Boşnaklar, anayurt olarak Bosna Hersek’te ve Sancak’ta yaşayan Doğu-Slaven kökenli insanlardır. Ortaçağda Bosna’da Slaven kökenli insanlara “Boşnyani” adı verilmiştir. Osmanlıların gelişi ile topluca islam’a geçiş yaptılar. Boşnaklar Boşnakça konuşurlar, Latin ve Kiril alfabesini kullanırlar. Boşnakları n çoğu Müslüman’dır, çok az kişi ise Agnostik ve ateisttir. Sosyo-kültürel olarak hem Avrupalı bir toplumdur, hem de islam toplumuna aittirler.
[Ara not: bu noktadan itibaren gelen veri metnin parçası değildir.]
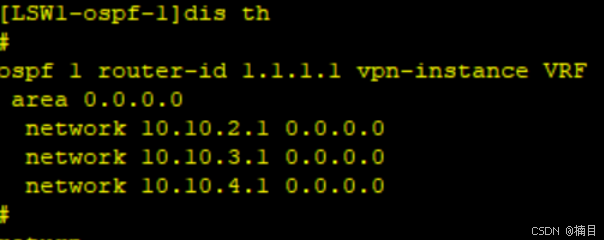 [LSW1]ospf 1 router-id 1.1.1.1 vpn-instance VRF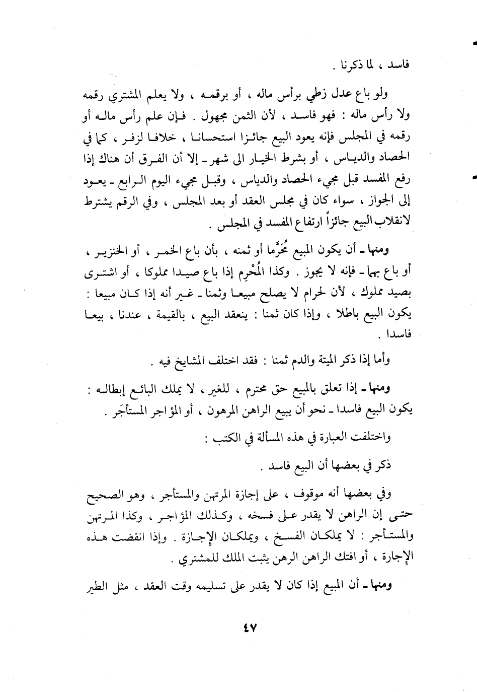 وَمِنْهَا إِذا تعلق بِالْمَبِيعِ حق مُحْتَرم للْغَيْر لَا يملك البَائِع إِبْطَاله يكون البيع فَاسِدا نَحْو أَن يَبِيع الرَّاهِن الْمَرْهُون أَو المؤاجر الْمُسْتَأْجر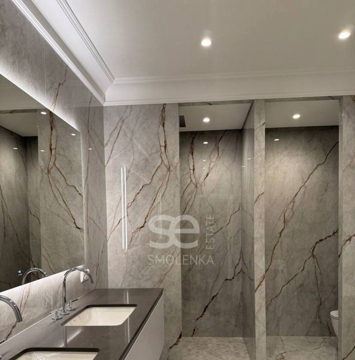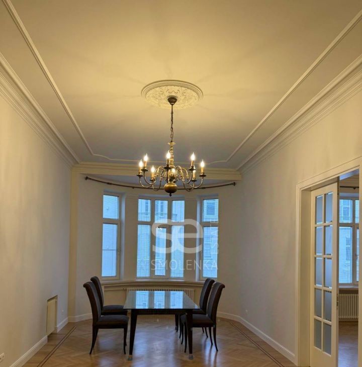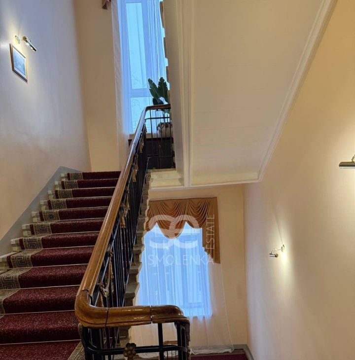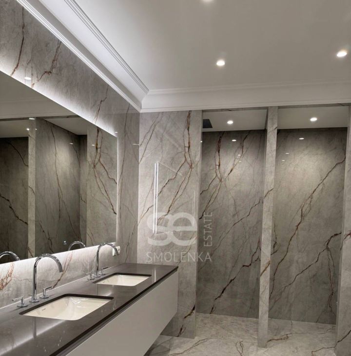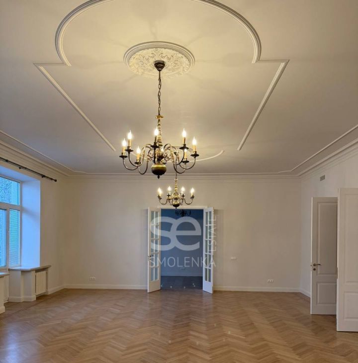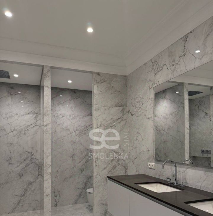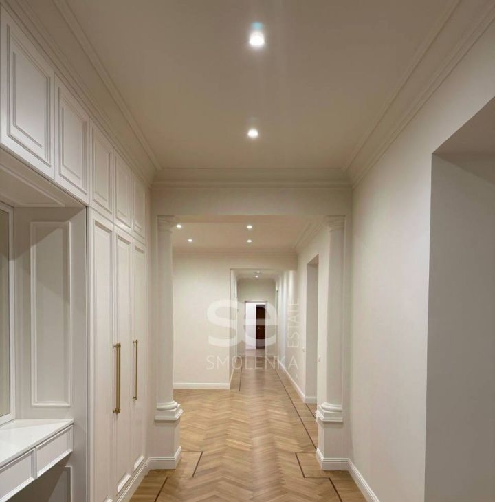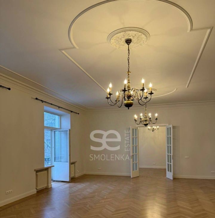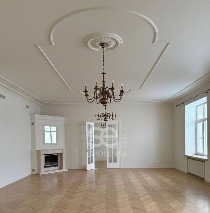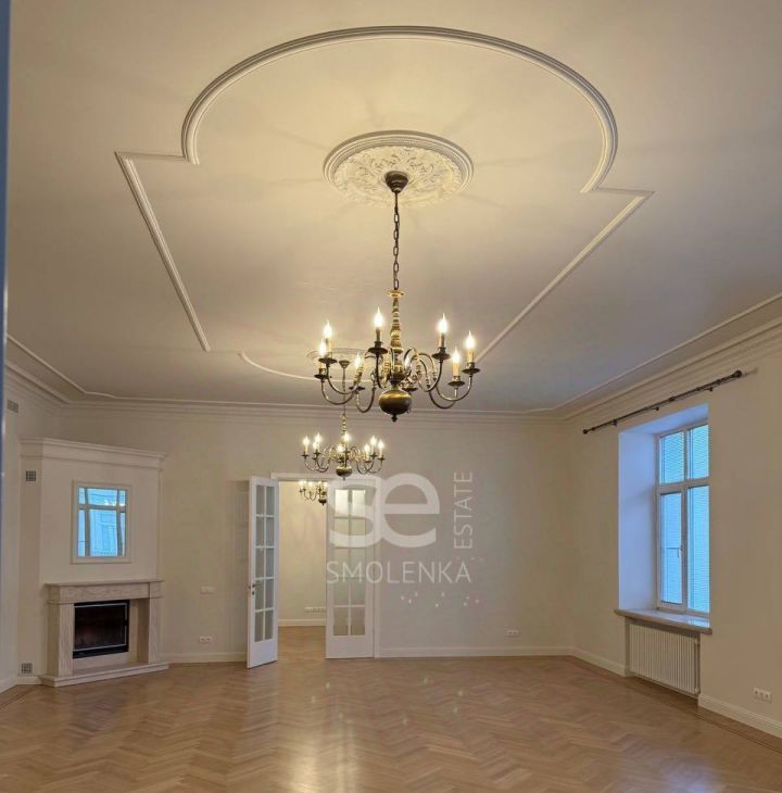 Планировка: кухня, гостиная с камином и выходом на балкон, столовая, кабинет, три спальни, гардеробная, постирочная, 3 с/у и 1 гостевой с/у. Квартира предлагается без мебели. Высокие потолки. Установлена приточно-вытяжная система вентиляции и кондиционирования. Окна во двор. Входная группа с шикарной парадной лестницей.

Tarihi belgeler Boşnakların Doğu-Slaven milletinin bir parçası olduklarını göstermektedir. Ancak bazı araştırmalara göre Boşnakların kökenleri Slavenlerin tarihinden daha eskidir. Bunlara göre, Boşnakların asıl kökenleri “ilirler”den gelmektedir. Bazı belgelere göre M.Ö. 2000 yıllarında ilirler, eski Avrupa kültürlerinin yerine (Saraybosna’ya yakın Butmir kültürü gibi) Balkanlar’ı n batısına yerleşmişlerdir. Keltlerin Balkanlar’a gelmeleri ve yerleşmelerine rağmen 3. ve 4. asırda ilirler Balkanlar’ın batısında hala önemli bir gruptu. Ancak Romalılara karşı bir kaç savaştan sonra iliriye işgal edilmiştir. Roma’nın eyaleti olan Dalmaçya, Hersek’in ve Bosna’nın bir parçasından oluşuyordu. Sava nehrinin doğu kısmı ise Panon Eyaletine aitti. Boşnaklar, italyanlar ve ispanyalılar gibi, isimlerini kendi ülkelerinden yani Bosna’dan almışlardır. Bosna’nın ismi ile ilgili en çok bilinen tez, ismini Bosna nehrinden aldığı şeklindedir. Tarih boyunca bu isim değişmiştir ancak kökeni her zaman aynı kalmıştır. Orijinali “Bosona”dır ve ilirlerin zamanından kalan bir isimdir. Bazı kaynaklarda, örneğin “Roma imparatorluğunun Doğuşu ve Çöküşü” adlı çalışmaya göre, Boşnaklar Tuna ve Adriyatik’in arasında kalan Slaven insanlar grubundadır. isimleri coğrafyalarından daha eskidir. Birçok yazara göre Boşnaklar Tuna nehrinin yakınında yerleşmiş Slaven kökenli bir millettir.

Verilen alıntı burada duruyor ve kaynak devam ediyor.